PERU—Inflation Probably Continued Adjusting Down and The Central Bank Will Likely Cut The Monetary Policy Rate by at Least 50bps to 3.5%
This week’s inflation data, together with indications that the economy continues facing downward pressures, should provide the central bank with the necessary room to lower the reference rate by at least 50bps to 3.5% during the June 4th meeting.
On Monday, June 1st, INE will disclose inflation data for May. We anticipate headline CPI to print 0.1% m/m (0.02% m/m in April 2009 and 0.37% m/m in May 2008) and core (ex-food) to post a decline of 0.04% m/m (0.07% m/m in April 2009 and -0.02% in May 2008). This means that headline inflation likely dropped to 4.32% y/y from 4.59% y/y in April and core (ex-food) CPI probably went down to 2.79% y/y from 2.81% y/y in April. Overall, rapidly decelerating domestic demand should have continued pressing inflation down in May; however, seasonal factors (Mother’s day) and the impact of the A H1N1 flu scare on some food prices post the main risks
to our forecast. We expect inflation to continue declining to about 2% y/y by the end of 2009. The Bloomberg consensus expects headline CPI to post 0.3% m/m in May 2009.

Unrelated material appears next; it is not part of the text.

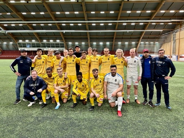 I lördags morse samlades ett taggat herrlag kl. 7:45 för avförd mot Tipshallen i Växjö för andra omgången i Årydscupen där två matcher väntade innan eventuellt slutspel. Vi ställdes mot Åryd i första matchen där vi vann komfortabelt i underkant med 2-0 med mål av Alexander Culibrk och Ivan N´Diike och där Elias Gunnarsson höll nollan. Ett par timmas paus med återhämtning och energipåfyllning innan nästa match mot Smålandsstenar. Vi visste att det var ett tufft motstånd och startade matchen i högt tempo med mycket bra passningsspel och hade några vassa chanser innan Melvin Andersson satte första målet efter ett snyggt anfall. Därefter hade Kaffi en bra aktion på kanten och kunde avsluta själv och rulla in 2-0. Efter det tappade vi lite av vårat spel och Smålandsstenar utjämnade till 2-1 efter lite missförstånd i backlinjen. Vi höll emot bra men missade helt markeringarna på en hörna med en minut kvar och kvitteringen var ett faktum. Trots det blev vi gruppetta och lottades mot Smålandsstenar även i semifinalen. I semifinalen gjorde vi vår klart bästa match och ägde det mesta av spelet men missade en del bra lägen innan Sven nickade in en hörna med ett grymt häng i luften och han har knappast landat ännu. I finalen ställdes vi mot Vederslöv/Dänningelanda som vi förlorade mot i först gruppspelsmatchen förra helgen så revanschlusten var stor. Trots att vi inte alls kom upp i samma nivå som i semin så var det vi som tryckte på och hade några bra chanser. V/D hade inte ett enda skott på mål förrän precis i slutet av matchen med en hård nick nere vid stolpen som Elis räddade snyggt och matchen blåstes av. Tyvärr så var olyckan framme och Elias skadade lillfingret som vi först befarade var brutet. Straffläggningen började direkt och Nshan hann inte ens värma upp innan han fick ställa sig mellan stolparna. En väl placerad straff från deras spelare som inte var mycket att gör något åt och V/D var i ledning. Det var sudden death straffar så Titus som skulle slå vår straff hade lite press på sig och målvakten gick åt rätt håll och räddade och därmed blev det ett silver för oss. Men sammanfattningsvis gjorde vi en mycket bra turnering där 28 lag deltog vi och har visat att vi kommer bli att räkna med när serien drar igång. Richard och Morgan coachade mycket bra med spelsystemet 3-5-2 som i dom bästa stunderna såg väldigt lovande ut och det kommer bli en spännande säsong där vi blir svåra att slå. Efter läkarundersökning och röntgen konstaterades glädjande att Elias finger ”bara” var ur led, så han är tillbaka i full träning om några veckor.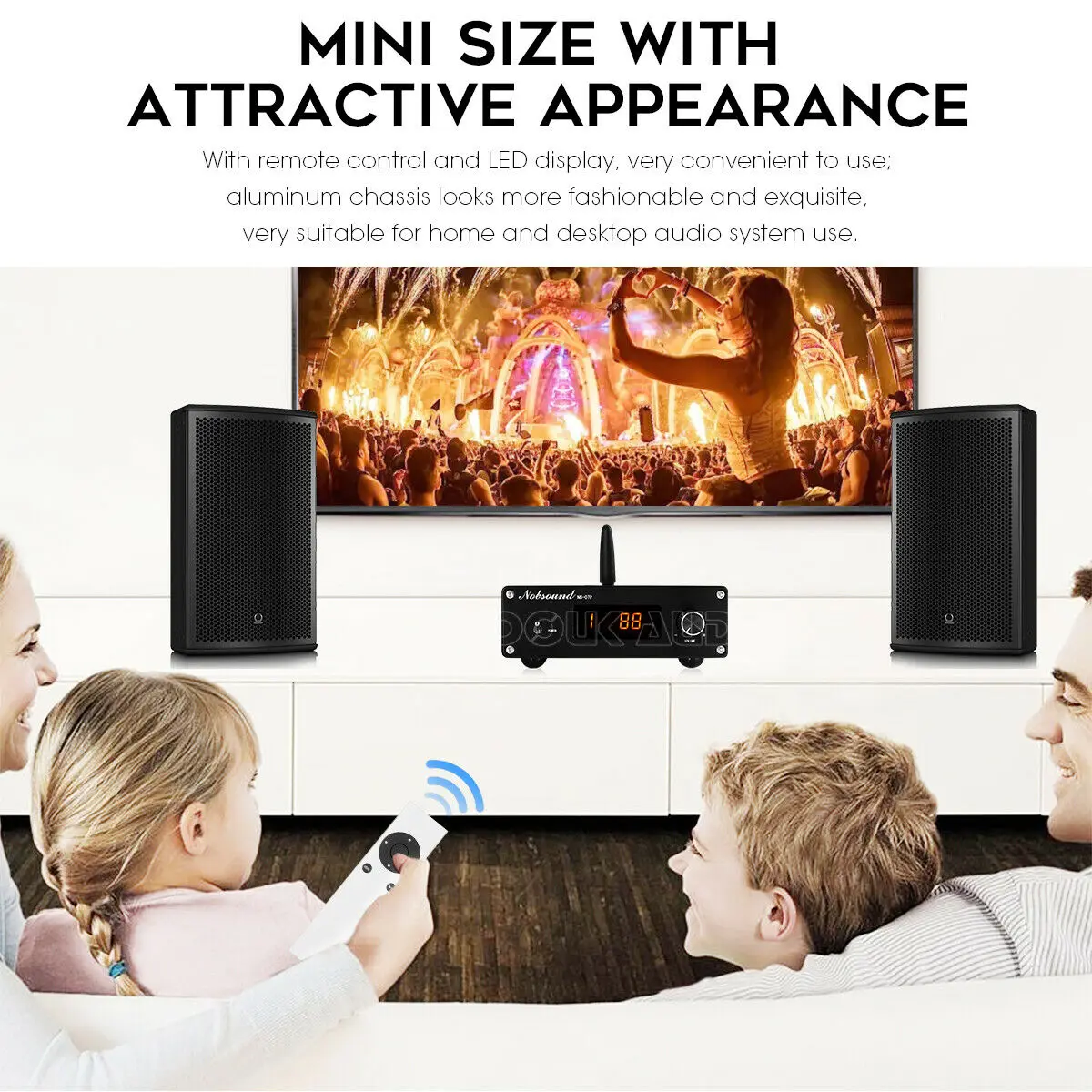 Мини-размер с привлекательным внешним видом, с пультом дистанционного управления и светодиодным дисплеем, очень удобен в использовании; Алюминиевое шасси выглядит более модно и изысканно, очень подходит для домашнего и настольного использования аудиосистемы.

On Thursday, June 4th, the central bank monetary policy board will decide on the reference rate, and we anticipate the committee to lower rates by at least 50bps to 3.5%; however, we do not discard a deeper cut of about 100bps to 3%. Domestic demand is decelerating and the inflation outlook is improving. We see Peru’s central bank lowering rates to 2.5% or 2% by Q3 2009. The Bloomberg consensus expects the CB to lower rates by 50bps to 3.5%.